### Information provided ###

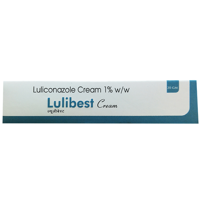 Lulibest 1% Cream is an antifungal medicine used to treat fungal infections of the skin such as athlete’s foot, Dhobie Itch, thrush, ringworm, and dry, flaky skin. It works by killing the fungi that cause these infections. Lulibest 1% Cream should be used in the dose and duration as prescribed by your doctor. Do not use it more often or in higher quantity than prescribed as this will not clear your condition faster and may only increase the side effects. Skin infections will usually get better after 2 to 4 weeks of use. Let your doctor know if your condition does not improve. The effect of the medicine can be increased by keeping the affected area clean and dry, and washing hands before and after use. If you have athlete’s foot, wash your socks or tights thoroughly and change your shoes daily if possible. The most common side effects of this medicine include burning sensation, irritation, itching, and redness at the site of application. It may also cause dryness, peeling, or blistering of the skin. These are not usually serious and resolve with time. Call your doctor if these persist or bother you. Seek emergency help if you notice signs of an allergic reaction such as a rash, swelling of the lips, throat, or face, swallowing or breathing problems, and nausea. Avoid direct contact with your eyes. In case of accidental contact, wash your eyes with water and seek immediate medical attention. It is not likely that other medicines you take by mouth or injection will affect the way this medicine works, but talk to your doctor before using it if you have recently used another medicine that contains a steroid or had an allergic reaction to another antifungal medicine. Ask your doctor before using this medicine if you are pregnant or breastfeeding.
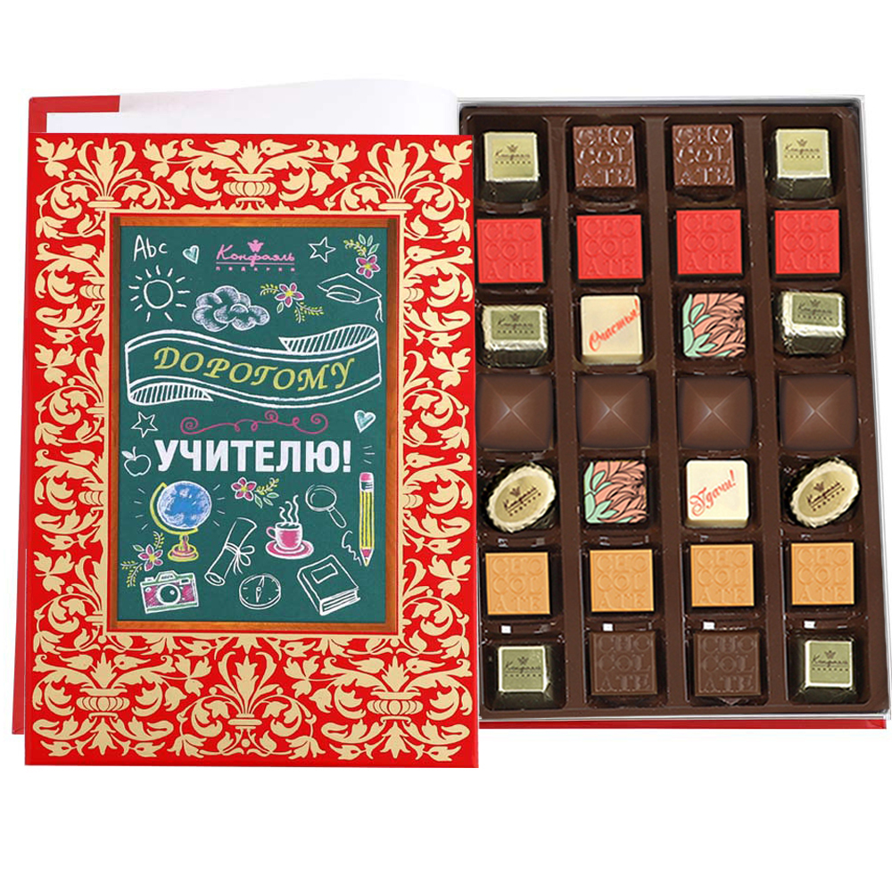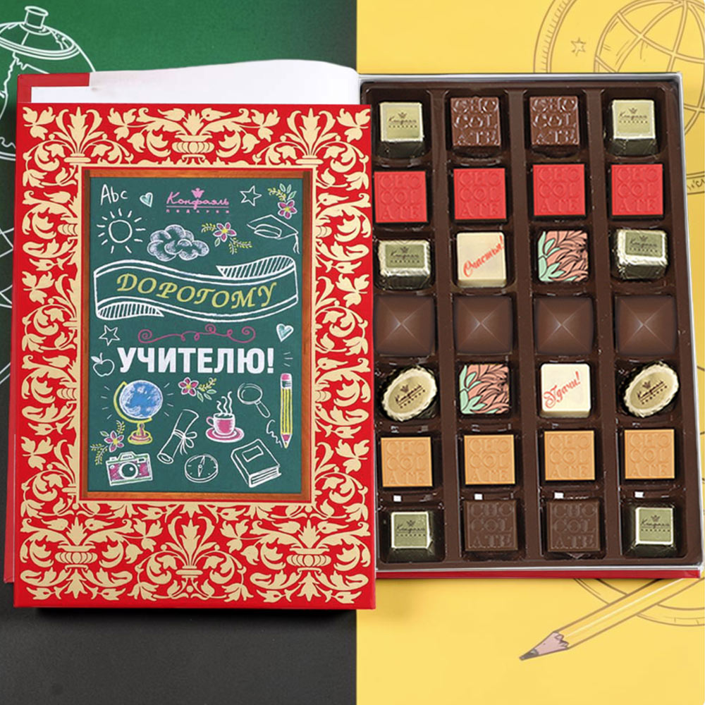 шоколадные массы - какао-масло, какао тертое, сахар, молоко сухое цельное, молоко сухое обезжиренное, лактоза, эмульгатор (лецитин соевый), ароматизатор («Ванилин»); начинки - сахар, патока, какао-масло, какао тертое, молоко сгущенное (молоко цельное, сахар (сахароза, лактоза)), сливки сгущённые с сахаром (сливки нормализованные, сахар (сахароза), лактоза), сливки сгущённые с сахаром (сливки нормализованные, сахар (сахароза), лактоза), молоко сухое, рафинированные дезодорированные растительные масла, натуральные вишневые и апельсиновые концентрированные соки, желирующие агенты (агар, желатин говяжий), стабилизатор (мальтодекстрин, гуммиарабик), коньяк (дистиллят коньячный, вода, сахар, натуральный пищевой краситель «карамельный колер»), спирт этиловый ректификованный, консервант (сорбиновая кислота), регулятор кислотности (лимонная кислота), эмульгаторы (лецитин соевый, Е471), ароматизаторы («Вишня», «Апельсин», «Ваниль», «Черная смородина»,«Клубника», «Карамель», «Кофе», «Кокосовые сливки», «Бейлиз»), натуральный пищевой краситель «Карамельный колер»
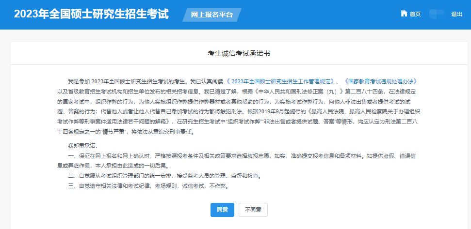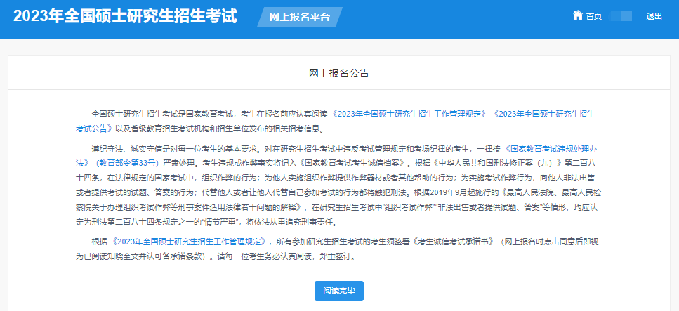 16、请仔细阅读网上报名公告后,点击“阅读完毕”,进入考生诚信考试承诺页面,仔细阅读后。点击“同意”。
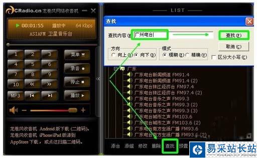 一、在版面底部點擊“查找”然后輸入“關鍵詞”來查找其他的臺電或歌曲名,因為列表實在是太多臺電和類目了,一個個翻看也費時間。

###

» **Exercise brief**
Restate the data word for word, minus any images.

» **Task output**
 Lulibest 1% Cream is an antifungal medicine used to treat fungal infections of the skin such as athlete’s foot, Dhobie Itch, thrush, ringworm, and dry, flaky skin. It works by killing the fungi that cause these infections. Lulibest 1% Cream should be used in the dose and duration as prescribed by your doctor. Do not use it more often or in higher quantity than prescribed as this will not clear your condition faster and may only increase the side effects. Skin infections will usually get better after 2 to 4 weeks of use. Let your doctor know if your condition does not improve. The effect of the medicine can be increased by keeping the affected area clean and dry, and washing hands before and after use. If you have athlete’s foot, wash your socks or tights thoroughly and change your shoes daily if possible. The most common side effects of this medicine include burning sensation, irritation, itching, and redness at the site of application. It may also cause dryness, peeling, or blistering of the skin. These are not usually serious and resolve with time. Call your doctor if these persist or bother you. Seek emergency help if you notice signs of an allergic reaction such as a rash, swelling of the lips, throat, or face, swallowing or breathing problems, and nausea. Avoid direct contact with your eyes. In case of accidental contact, wash your eyes with water and seek immediate medical attention. It is not likely that other medicines you take by mouth or injection will affect the way this medicine works, but talk to your doctor before using it if you have recently used another medicine that contains a steroid or had an allergic reaction to another antifungal medicine. Ask your doctor before using this medicine if you are pregnant or breastfeeding.
 шоколадные массы - какао-масло, какао тертое, сахар, молоко сухое цельное, молоко сухое обезжиренное, лактоза, эмульгатор (лецитин соевый), ароматизатор («Ванилин»); начинки - сахар, патока, какао-масло, какао тертое, молоко сгущенное (молоко цельное, сахар (сахароза, лактоза)), сливки сгущённые с сахаром (сливки нормализованные, сахар (сахароза), лактоза), сливки сгущённые с сахаром (сливки нормализованные, сахар (сахароза), лактоза), молоко сухое, рафинированные дезодорированные растительные масла, натуральные вишневые и апельсиновые концентрированные соки, желирующие агенты (агар, желатин говяжий), стабилизатор (мальтодекстрин, гуммиарабик), коньяк (дистиллят коньячный, вода, сахар, натуральный пищевой краситель «карамельный колер»), спирт этиловый ректификованный, консервант (сорбиновая кислота), регулятор кислотности (лимонная кислота), эмульгаторы (лецитин соевый, Е471), ароматизаторы («Вишня», «Апельсин», «Ваниль», «Черная смородина»,«Клубника», «Карамель», «Кофе», «Кокосовые сливки», «Бейлиз»), натуральный пищевой краситель «Карамельный колер»
 16、请仔细阅读网上报名公告后,点击“阅读完毕”,进入考生诚信考试承诺页面,仔细阅读后。点击“同意”。
 一、在版面底部點擊“查找”然后輸入“關鍵詞”來查找其他的臺電或歌曲名,因為列表實在是太多臺電和類目了,一個個翻看也費時間。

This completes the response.